#### Dataset excerpt ####

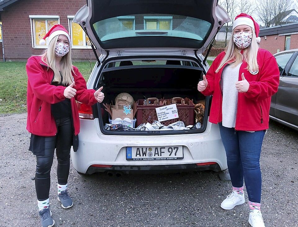 Deshalb erklärten sich die Fachkraft Annika Frings sowie Auszubildende Malin Reuter kurzerhand bereit, allen Kindern einen kleinen Besuch abzustatten. Am 22. Dezember, also zwei Tage vor Heiligabend, unternahmen sie eine Spritztour durch Houverath und in die umliegenden Orte, um die Kinder zu überraschen. An den Haustüren überreichten sie jeweils eine Weihnachtstüte, gefüllt mit weihnachtlichen Liedtexten, einem Weihnachtsgruß für die Eltern, einem weihnachtlichen Bastelangebot und natürlich ein paar süßen Leckereien.
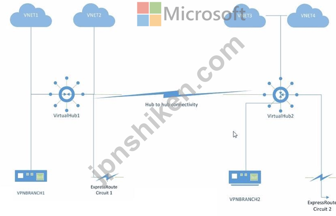 質問142 Hub1 という名前のハブを含む、VWAN1 という名前の Azure Virtua...
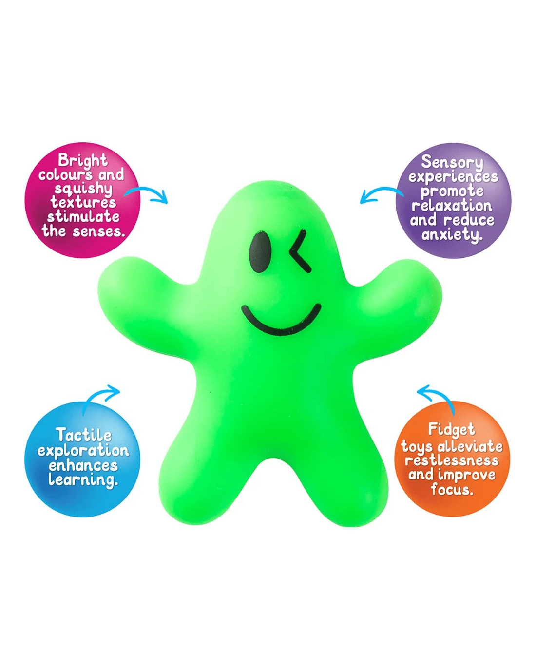 This Sensory Squish Pal is the ultimate squishy, stretchy and smiley companion, designed for endless fidget fun. It's made from a soft, durable material that helps relive stress, enhance focus and bring sensory joy to kids and adults alike. Plus, whether you stretch it, squeeze it or squish it, it bounces right back with a winking smile making it perfect for classrooms, therapy sessions or just everyday play.
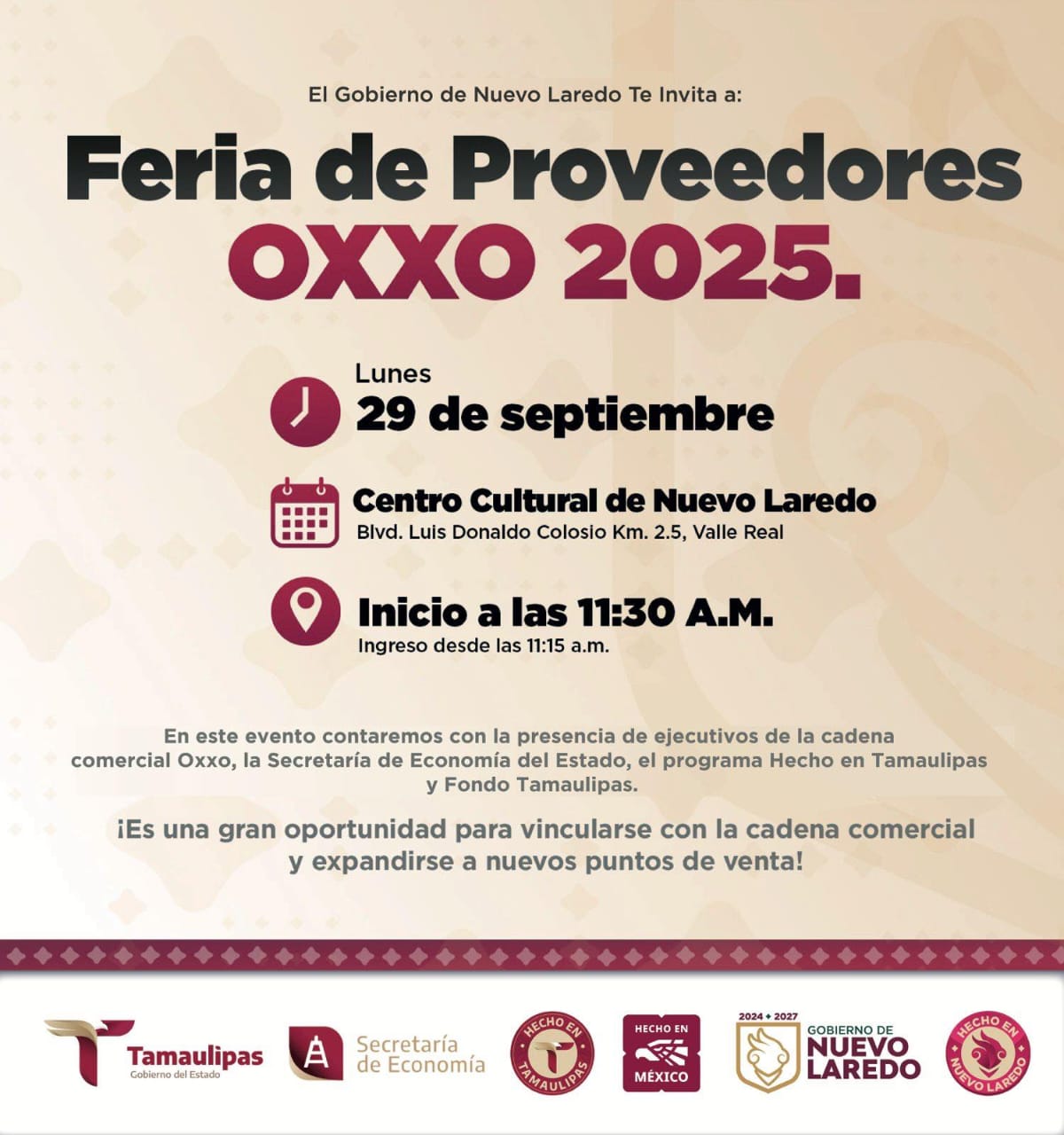 El Gobierno de Nuevo Laredo hace un llamado a los emprendedores y empresarios locales para que participen en la Feria de Proveedores OXXO 2025, que se llevará a cabo el próximo lunes 29 de septiembre en el Centro Cultural de Nuevo Laredo, a partir de las 11:30 de la mañana.

####

What needs to be done:
An exact transcription is needed of the lines from the one with "質問142 Hub1 という名前のハブを含む、VWAN1" to the one with "This Sensory Squish" above, both ends included, with pictures left out.

Result for this task:
 質問142 Hub1 という名前のハブを含む、VWAN1 という名前の Azure Virtua...
 This Sensory Squish Pal is the ultimate squishy, stretchy and smiley companion, designed for endless fidget fun. It's made from a soft, durable material that helps relive stress, enhance focus and bring sensory joy to kids and adults alike. Plus, whether you stretch it, squeeze it or squish it, it bounces right back with a winking smile making it perfect for classrooms, therapy sessions or just everyday play.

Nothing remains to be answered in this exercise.